ALTER TABLE web_analytics
ADD INDEX domain_idx domain(url) TYPE bloom_filter GRANULARITY 1;

Be mindful that function-based indexes add overhead during data insertion, so only create them for columns you filter on regularly.

Building a real-time web analytics API With Tinybird

Tinybird provides a managed ClickHouse® environment that allows users to expose domain extraction through REST APIs, without requiring direct infrastructure management.

Create the data source

First, define a data source for URL ingestion using Tinybird's .datasource syntax:

SCHEMA >
    `timestamp` DateTime,
    `url` String,
    `user_id` String,
    `session_id` String

ENGINE "MergeTree"
ENGINE_PARTITION_KEY "toYYYYMM(timestamp)"
ENGINE_SORTING_KEY "timestamp, user_id"

This schema accommodates typical web analytics data while optimizing for time-series queries.

Write the pipe

Create a .pipe file that processes URLs and extracts hostnames with parameterized filtering:

NODE hostname_analysis
SQL >%
    SELECT
        domain(url) AS hostname,
        domainWithoutWWW(url) AS normalized_hostname,
        count() AS visits,
        uniq(user_id) AS unique_users,
        max(timestamp) AS last_seen
    FROM web_analytics
    WHERE timestamp >= now() - INTERVAL {{String(hours, '24')}} HOUR
        {\% if defined(domain_filter) %}
        AND domain(url) LIKE {{String(domain_filter, '%')}}
        {\% end %}
    GROUP BY hostname, normalized_hostname
    ORDER BY visits DESC
    LIMIT {{Int32(limit, 100)}}

Publish the endpoint

Deploy your pipe as an API endpoint using Tinybird's command-line interface:

tb --cloud deploy

Once deployed, you can query your hostname API with curl:

curl "https://api.tinybird.co/v0/pipes/hostname_analysis.json?token=YOUR_TOKEN&hours=6&limit=50"

The API returns real-time web analytics with sub-second latency. Tinybird abstracts operational complexity of ClickHouse® and exposes analytics via REST API endpoints.

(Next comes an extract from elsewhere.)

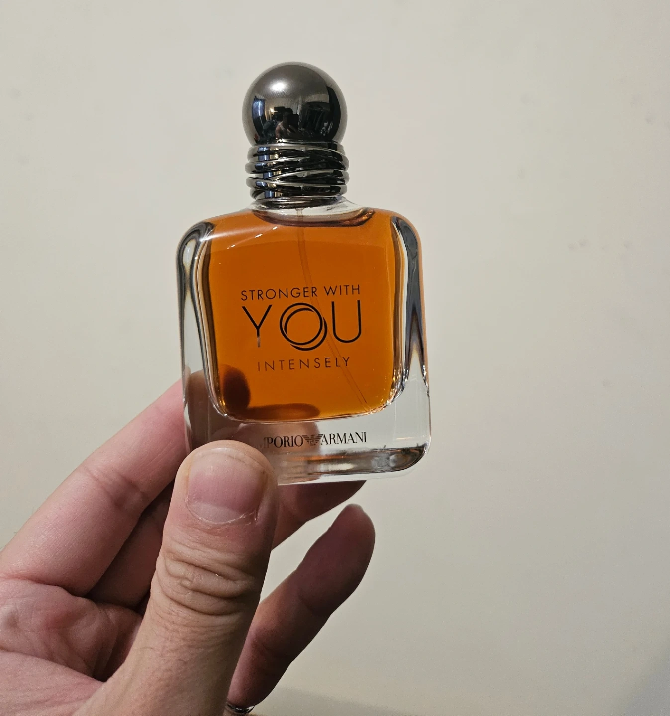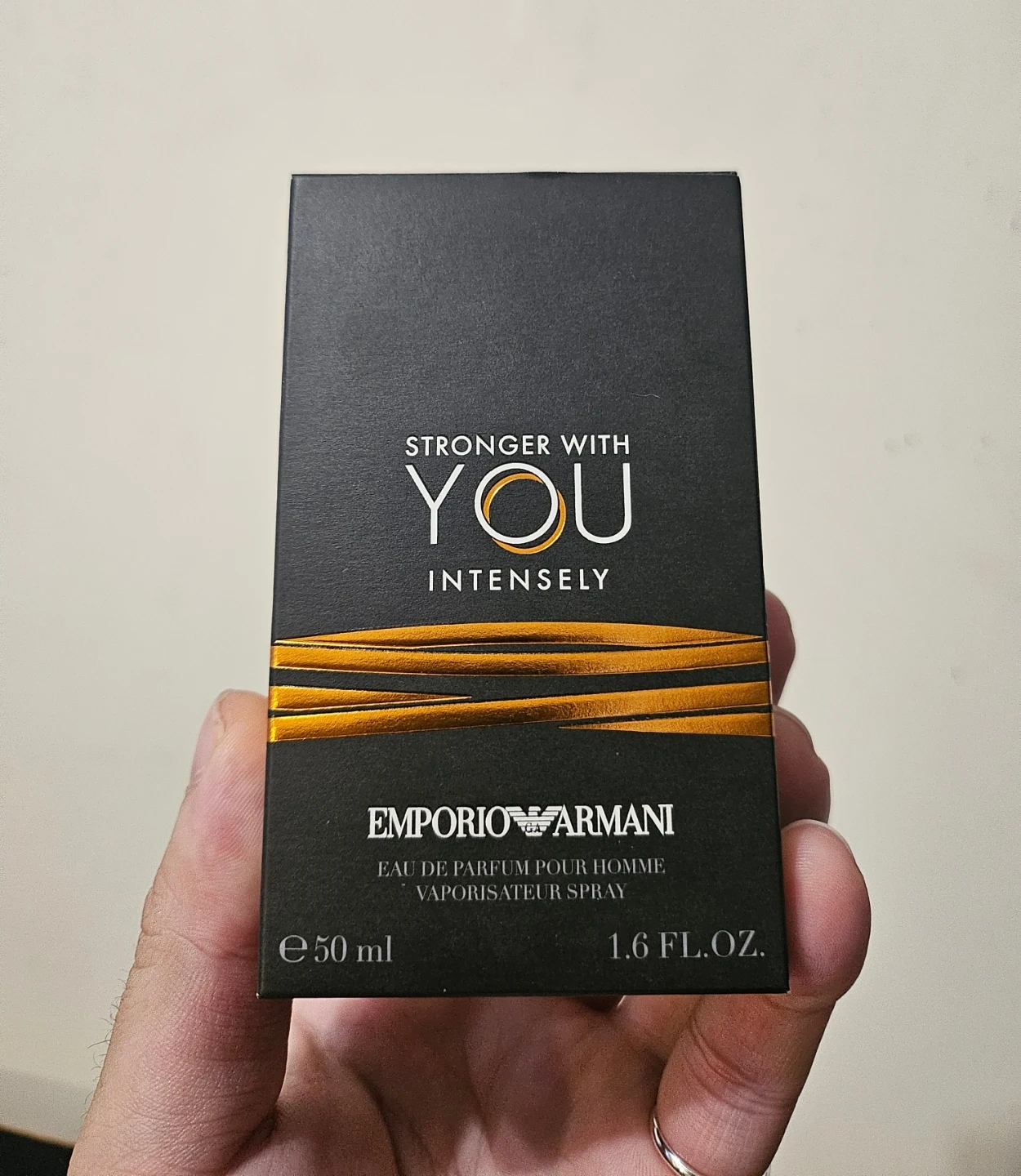 Emporio Armani Stronger With You Intensely Eau de Parfum spray. This fragrance is 50 ml. It's a scent with notes of pink pepper and vanilla.

Common mistakes when parsing domains

Several pitfalls commonly occur when working with domain extraction in production environments. Being aware of them helps you build more robust data pipelines.

Missing `http://` scheme

URLs without proper schemes can produce unexpected parsing results. The domain() function assumes the first component before a slash is the hostname, which might not always be correct:

Complete URLs work fine: domain('www.example.com') returns 'www.example.com'
Paths with domains work: domain('example.com/path') returns 'example.com'
Relative paths fail: domain('/relative/path') returns empty string
Malformed data is unpredictable: Random strings produce inconsistent results

Consider data validation before applying domain extraction to ensure consistent results across your dataset.

Non-ASCII characters

Internationalized domain names (IDN) contain non-ASCII characters that require special encoding. ClickHouse® handles these reasonably well, but be aware of potential encoding issues:

SELECT domain('https://münchen.example.com/page');
-- May return punycode representation or preserve Unicode depending on input

For applications serving international users, consider how you want to handle and display domain names with special characters.

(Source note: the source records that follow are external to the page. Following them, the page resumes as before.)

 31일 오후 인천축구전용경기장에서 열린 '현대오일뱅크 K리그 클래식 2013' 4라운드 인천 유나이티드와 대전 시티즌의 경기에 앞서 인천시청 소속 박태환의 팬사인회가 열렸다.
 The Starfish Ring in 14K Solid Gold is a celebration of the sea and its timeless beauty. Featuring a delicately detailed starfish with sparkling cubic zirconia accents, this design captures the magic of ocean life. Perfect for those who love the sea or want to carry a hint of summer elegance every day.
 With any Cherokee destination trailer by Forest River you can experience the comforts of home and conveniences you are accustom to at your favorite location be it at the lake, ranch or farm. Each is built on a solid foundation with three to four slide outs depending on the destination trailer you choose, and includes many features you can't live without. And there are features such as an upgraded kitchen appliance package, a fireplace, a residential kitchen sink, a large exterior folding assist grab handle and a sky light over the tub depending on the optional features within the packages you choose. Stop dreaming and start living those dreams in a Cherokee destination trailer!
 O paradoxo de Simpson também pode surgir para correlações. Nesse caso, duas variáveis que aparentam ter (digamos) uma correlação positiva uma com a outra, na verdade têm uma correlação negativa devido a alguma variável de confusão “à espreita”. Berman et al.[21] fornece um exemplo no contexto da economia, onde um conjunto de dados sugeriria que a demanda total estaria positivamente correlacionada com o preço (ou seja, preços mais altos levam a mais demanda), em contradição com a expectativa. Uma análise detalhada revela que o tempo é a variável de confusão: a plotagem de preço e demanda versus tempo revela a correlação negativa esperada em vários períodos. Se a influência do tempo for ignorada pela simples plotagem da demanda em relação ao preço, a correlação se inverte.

Start building ClickHouse®-based APIs with Tinybird

Rather than managing ClickHouse® infrastructure yourself, Tinybird provides a managed platform that exposes most core ClickHouse® SQL functions, including URL functions.

You can build and deploy real-time analytics APIs with sub-second query latency and built-in security. Tinybird is designed for scalability, but 'automatic scaling' may not be guaranteed in all contexts.

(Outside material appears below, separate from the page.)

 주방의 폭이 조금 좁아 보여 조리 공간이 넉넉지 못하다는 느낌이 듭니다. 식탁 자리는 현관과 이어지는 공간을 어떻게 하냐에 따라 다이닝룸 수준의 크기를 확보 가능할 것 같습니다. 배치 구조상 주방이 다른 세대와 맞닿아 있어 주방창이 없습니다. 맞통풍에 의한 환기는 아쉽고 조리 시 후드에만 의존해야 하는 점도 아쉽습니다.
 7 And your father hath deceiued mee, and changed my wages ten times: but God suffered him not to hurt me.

Whether you're processing web analytics, building user-facing dashboards, or creating internal monitoring tools, Tinybird's developer-centric approach means you can focus on your application logic rather than database administration. Skip the infrastructure work and ship your first API in minutes.

FAQs about extracting hostnames in ClickHouse®

How does the `domain` function handle uppercase letters in URLs?

The domain function preserves the original case of the hostname as provided in the input URL string. ClickHouse® does not automatically convert hostnames to lowercase during extraction.

Does the `domain` function validate if the extracted hostname is a real domain?

No. The domain function performs string parsing only and does not validate whether the extracted hostname corresponds to an actual registered domain or reachable server.

Can I extract hostnames from array columns containing multiple URLs?

Yes. Use arrayMap(domain, url_array) to apply the domain function to each URL in an array column, returning an array of extracted hostnames.

Skip the infra work. Deploy your first ClickHouse^®
project now.

Our Columns:

Skip the infra work. Deploy your first ClickHouse^®
project now.

Skip the infra work. Deploy your first ClickHouse^®
project now.

How to get the hostname from a URL in ClickHouse^®

How the `domain` function extracts the hostname

Argument type

Return type

Syntax and return type of `domain`

Basic usage example

Handling Protocol-Less, Port, and IPv6 URLs

Missing protocol

URLs with ports

IPv6 literals

Removing the `www` prefix with `domainWithoutWWW`

Comparing `domain`, `hostName`, and other URL helpers

`domain`

`hostName`

`cutURLParameter`

Persisting computed hostnames in a materialized view

Creating the view

Backfilling Historical Data

Query performance and indexing tips

Using `LOWCARDINALITY`

Pushing function into index

Building a real-time web analytics API With Tinybird

Create the data source

Write the pipe

Publish the endpoint

Common mistakes when parsing domains

Missing `http://` scheme

Non-ASCII characters

Start building ClickHouse®-based APIs with Tinybird

FAQs about extracting hostnames in ClickHouse®

How does the `domain` function handle uppercase letters in URLs?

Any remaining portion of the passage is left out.